The City of Houston public works department plans to make information regarding costs and priorities for potential quiet zones available soon.   

 

Guest Parking

 

Parking on the narrow street surfaces in Cottage Grove is legal when you leave 10’ clearance for vehicles to pass in the other lane, except when otherwise noted by City installed signs, or when parking would block a driveway, or within 15' of intersections, bus stops or fire hydrants.
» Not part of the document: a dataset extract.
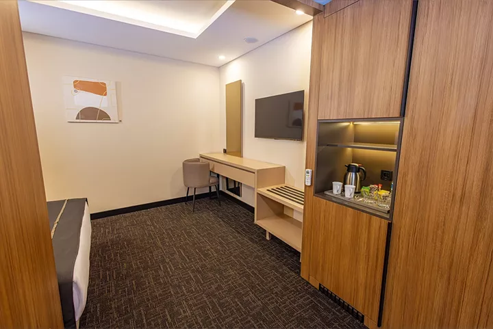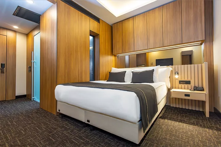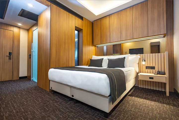 20 metrekarelik engelli dostu odamız, konfor ve zarafetin mükemmel uyumunu sunmaktadır. Modern tasarımı ve işlevsel düzeni ile dikkat çeken bu özel oda, misafirlerimizin tüm ihtiyaçlarını karşılamak üzere özenle donatılmıştır. Özel olarak tasarlanmış yatak odası alanı, mobilyaları, banyo alanı, engelli misafirlerimizin konforunu maksimum seviyede sağlamak üzere düzenlenmiştir.

Parking off the street surface in the city right-of-way, on swales, in ditches and on sidewalks is also illegal. 

 

Curbside Recycling

 

Cottage Grove sections north and south of Interstate 10 that are not already served by recycling, are on the City of Houston’s waiting list.   

 

IH 10 Frontage Lane Plans

 

The revised ramp plans show TxDOT no longer plans to construct continuous frontage lanes between TC Jester and Washington Avenue.

 

Living in a Coastal Watershed 

 

The flood plain maps available at the Tropical Storm Allison Recovery Project (www.TSARP.org) went into effect during 2007. The maps show that many homes in Cottage Grove located north of Interstate 10 are located in White Oak Bayou’s 1% flood plain.  A few properties on Roy Circle, Larkin and Darling near Durham are mapped into the bayou’s flood way. City of Houston’s Chapter 19 Flood Prone Construction imposes certain rules and regulations on flood plain and flood way remodeling and new construction.  The City has also implemented changes to the Infrastructure Design Manual in Chapter 13 that show how to use rain barrels and vegetated swales to help meet storm water quality requirements.